社長が「私はね、朝起きて歯を磨いて、電車に乗って、とかいう同じルーティーンを繰り返していると気が狂いそうになるのね。だから、何か新しいことを始めることに関しては反対しないから、やってみてね」ということだった。そんなこんなで、ご飯もすっかり食べ終えて、今年もありがとうと皆で解散。


そして家に帰るまでの道のり。
こんなに年末感がないのってなんでだろうなあと考える。
師走という気が、一切しないのは私だけでしょうか。


掃除をして、静かに過ごそう。
今日はいい天気だ。



2019年12月25日(水) 新宿駅にて、電話。


1225。クリスマスにこんなに簡単に大事な人と別れるとは思わなかったけれども、じぶんで放った言葉を簡単に引っこ抜けるほど、もう子供ではないから、その言葉をおもしにして、そして背負って、来年からは生きていかなきゃなりません。

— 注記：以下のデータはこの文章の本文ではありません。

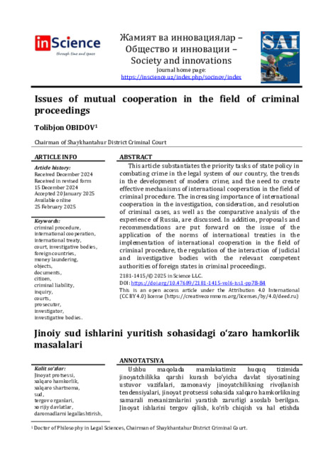 Обидов T. (2025). Вопросы взаимного сотрудничества в области уголовного судопроизводства. Общество и инновации, 6(1), 78–84. https://doi.org/10.47689/2181-1415-vol6-iss1-pp78-84

1226。しんとした部屋の彼の部屋に荷物を取りに行き、前日に買ったプレゼントと、手紙を机の上に置く。この手紙はさあ、あれだけいろんなことを話していたのに、話せていたのに、まるで誰にでも通じるような言葉しか書いていなくって、あなたあの手紙読んだらきっと吐き気を催すだろうね。でもそういうことしかできなかった。
僕のいない間に荷物を取りに来て、と言われていたから、いない間に忍び込んで、そうして荷物を置き、荷物を取り、それだけで去ろうとしていたにもかかわらず、溜まりに溜まった洗濯物を見て洗濯物をまわしてしまった。洗濯機の音が「ピー」となり止んだら、もうこの部屋にいる用事がないので、それまでの間には思わずいろんなことがぐっと押し寄せてきて、簡単にこの人の記憶を、忘れられるわけないよなあと思いながら、穴の空いた靴下だとか、そういうものを見て、ますます涙が出てきた。それで、一度長い手紙を書いてみたのだけれども、どうも感傷に浸りすぎている自分に冷めて、それはやっぱり残さないことにした。洗濯機の音が、ピーっとなってこれは終りの音でしたから、それらをハンガーに干して、そうして部屋を後にしたのだった。
私は今まで一緒にいた人のことを、もう忘れるために、一切の記憶を抹消しようとしていたけれども、この人のことはとてもそうできるわけが、ないよなあと思う。それはしてはいけないよなあ、と思う。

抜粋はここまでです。